Me veo nuevamente obligado, por responsabilidad, a insistir en mi veredicto lapidario acerca de la fábrica de vidrios ENVIBOL. Hace 7 años escribí un artículo titulado “Envibol la empresa que nace muerta” [*1] donde señalaba cuestionamientos de fondo no solo a los procesos de contratación para su implementación sino también durante el inicio de operaciones. En resumen esa empresa nace por decreto no por un estudio detenido el año 2013, termina de implementarse recién en 2017 y desde ese entonces funciona al amparo de la oscuridad donde sus directores hablan de manera indistinta de ingresos, utilidades operativas y utilidades netas. Al día de hoy nadie se hace cargo de la inversión porque en algún punto ese capital se debe recuperar la pregunta es ¿nuestros nietos vivirán para verlo?

Tiempo después, Mauro Bettega, periodista uruguayo del Programa “Las Cosas en su Sitio” en Radio Rivadavia 690 AM [*2] allá por diciembre de 2019 se contactó con mi persona a raíz del artículo en cuestión y me sorprendió saber acerca de la naturaleza de la empresa uruguaya encargada de montar la fábrica ubicada en Zudañez, Chuquisaca. Financiamiento que llegaba desde la hermana república bolivariana de Venezuela, donde no solo el apoyo técnico fue una constante sino el intercambio de conocimiento donde empleados venezolanos trabajaron no solo en Uruguay sino también en Bolivia. Cabe aclarar que estos empleados nunca figuraron en las planillas de la empresa ¿por qué?

Consultando los datos de la OFEP [*3] se puede establecer claramente una verdad incómoda que contradice totalmente las declaraciones encendidas y alarmistas de María Galindo que tiene la certeza absoluta de que el gobierno de Rodrigo Paz Pereira está saboteando las gloriosas empresas públicas para luego darse la vuelta y venderlas a precio de gallina muerta, si lo sé el eufemismo es accidental, a los grandes empresarios privados de este país en ese proceso demoníaco con esencia al azufre mismo del averno “la Privatización”.

Envibol es una empresa que registra varias peculiaridades, la que salta inmediatamente es el desplome entre sus ingresos operativos y sus utilidades operativas promedio anual entre 2015 y 2024. Estos van de USD 3.094.759,84 a USD 205.026,62 es decir solamente los gastos relacionados al proceso de producción absorben el 93,38% de los flujos de ingreso, esto no debería ser una novedad habida cuenta que expertos advertían del costo excesivo que representaba operar la fábrica con GLP (Gas Licuado de Petróleo) para ser más exactos USD 3,6 MM en los primeros años de implementación.

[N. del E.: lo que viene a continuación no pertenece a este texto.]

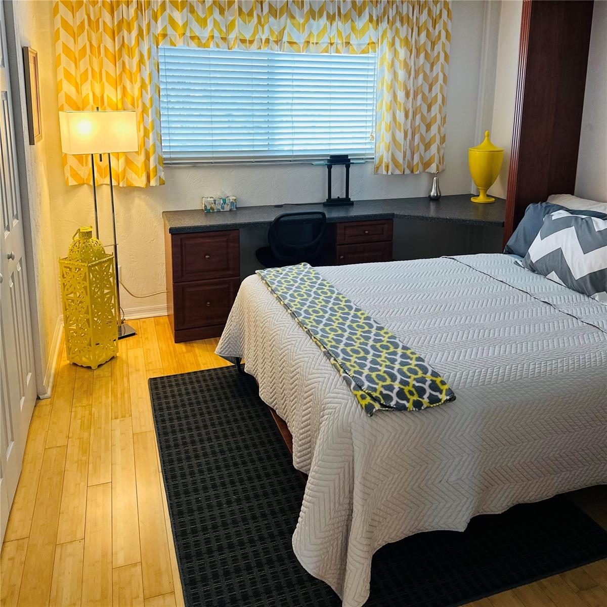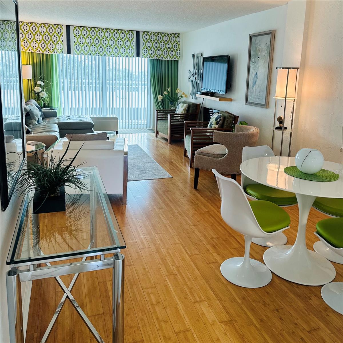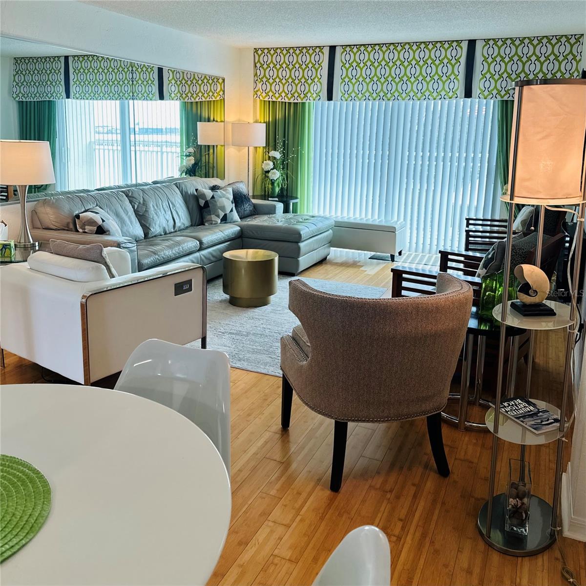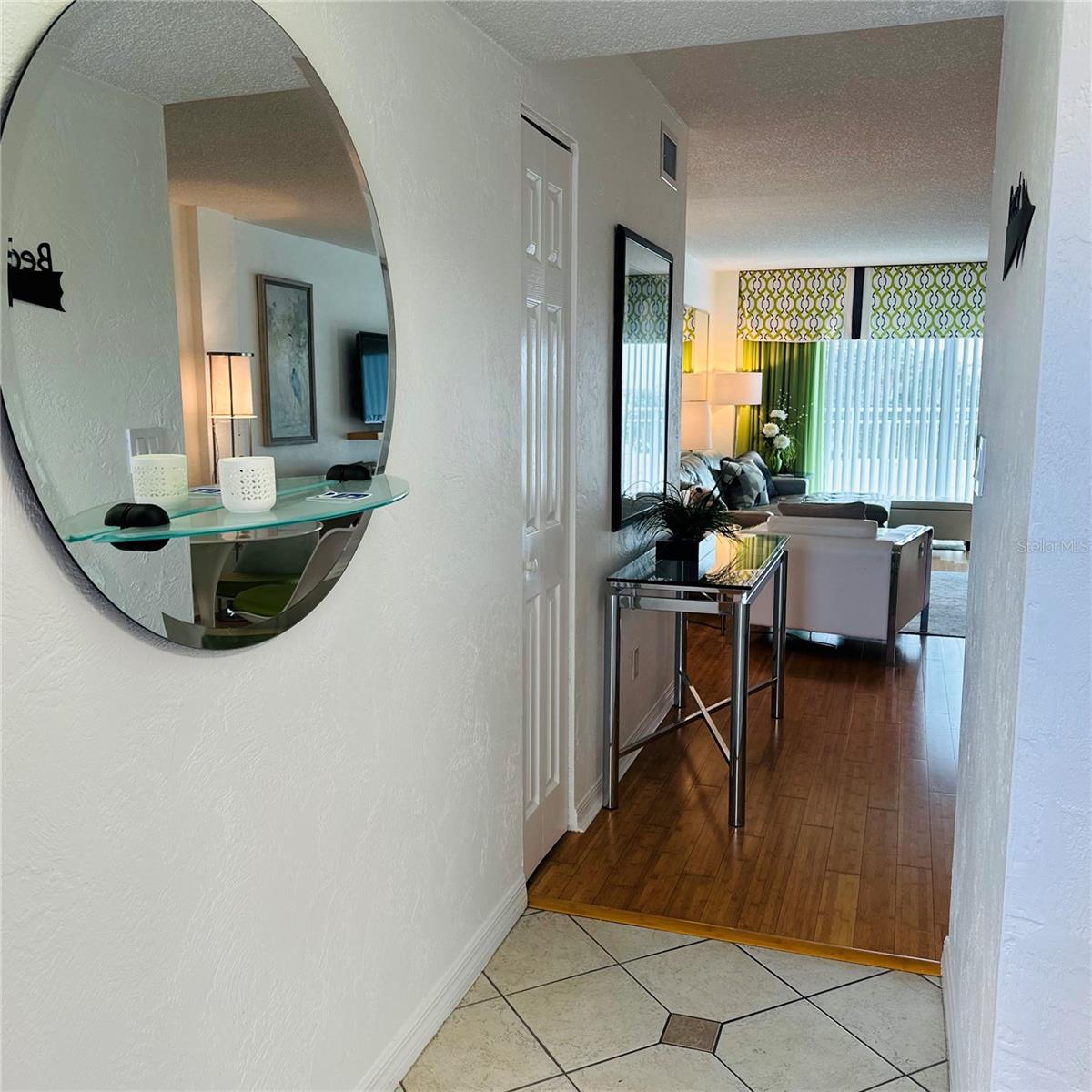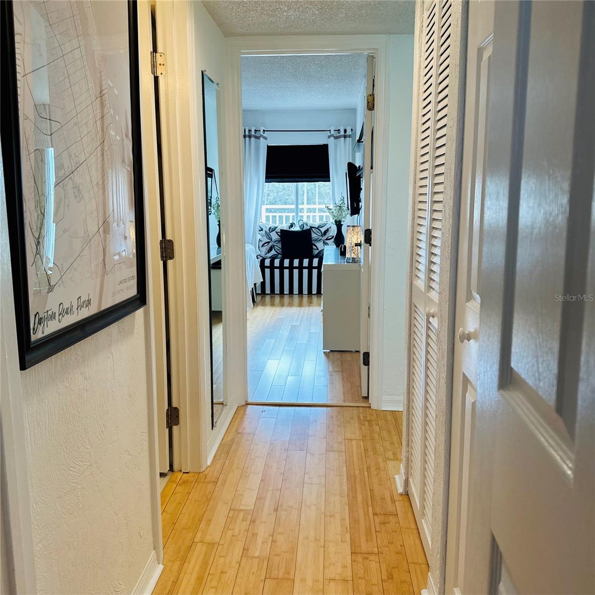Welcome to this beautifully updated 4th-floor turnkey 2 bed, 1 bath condo, where coastal charm meets modern convenience. Perched above it all, this unit captures incredible views from the slider doors to balcony, glass entry door, and every window—showcasing stunning sunrises, colorful sunsets, boat parades, rocket launches, fireworks, and views toward the “World’s Most Famous Beach” and Boardwalk. Inside, the bright and airy open layout creates the perfect space to relax or entertain. Hardwood bamboo floors add warmth and beauty to the space. The guest room includes a custom queen murphy bed and built-in office cabinetry. Thoughtful and contemporary finishes elevate the interior. The kitchen offers plenty of room to cook and gather, while a stacked washer and dryer available in unit and electric water heater provide added ease. Motivated seller has this condo beautifully decorated with furniture that is negotiable. Significant building improvements have already been completed, including a new roof, concrete restoration, refreshed pool deck, pool, seawall, and pool pump house—with all assessments have been paid in full for the new owner’s peace of mind. Whether you’re seeking a full-time residence, vacation getaway, or income-producing rental, this 4th-floor gem delivers. Enjoy the sparkling pool and hot tub, and take advantage of the close proximity to dining, shopping, and the world's most famous beach & boardwalk.

Pero el análisis no termina ahí, para llevar adelante este proyecto se recurrió a un préstamo de USD 39.177.759,19 provenientes de FINPRO (Fondo de Revolución Integral Productiva) administrado por el Banco de Desarrollo Productivo (BDP) ambas entidades públicas. Tomando en cuenta una Utilidad Neta Promedio Anual de USD 255.350,65 tomaría al Estado Plurinacional recuperar el crédito alrededor de 153 años, sin tomar en cuenta los intereses. ¿Por qué debería importar este parámetro sobre la recuperación del capital?

Porque sencillamente esos recursos invertidos en ENVIBOL se traducen en otros proyectos no atendidos por ese tiempo, es decir el costo de oportunidad que se asume con el objetivo de lograr un beneficio mayor. En ese caso, cumplir con el pueblo chuquisaqueño y su compensación por la pérdida de un escaño parlamentario allá por el año 2013

Ahora, planteo la siguiente pregunta ¿Qué empresario privado quisiera hacerse de una empresa emplazada en el interior de Chuquisaca sin posibilidades de obtener fuentes alternativas de energía al GLP que en un escenario donde la producción nacional de gas natural se desploma obligaría a considerar la importación de este recurso en los próximos 3 años?

Exacto, me anticipo a su respuesta. Ah y si algún escéptico aún considera que esta información es tendenciosa y aún insuficiente para su exquisito intelecto, le recomiendo ver la tendencia de crecimiento anual de las utilidades operativas de ENVIBOL, no solo es negativa es escandalosamente alta, -327,24%.

Ese dinero hubiera estado mejor invertido en un DPF (Depósito a Plazo Fijo) a una tasa modesta del 5% anual. Solo haciendo eso, se puede eclipsar 12 años de esfuerzos por cambiar desde la retórica lo loca idea de que las fábricas se pueden hacer siempre cuando exista voluntad. ¿Y si los números no cuadran? No importa acaso es nuestro dinero.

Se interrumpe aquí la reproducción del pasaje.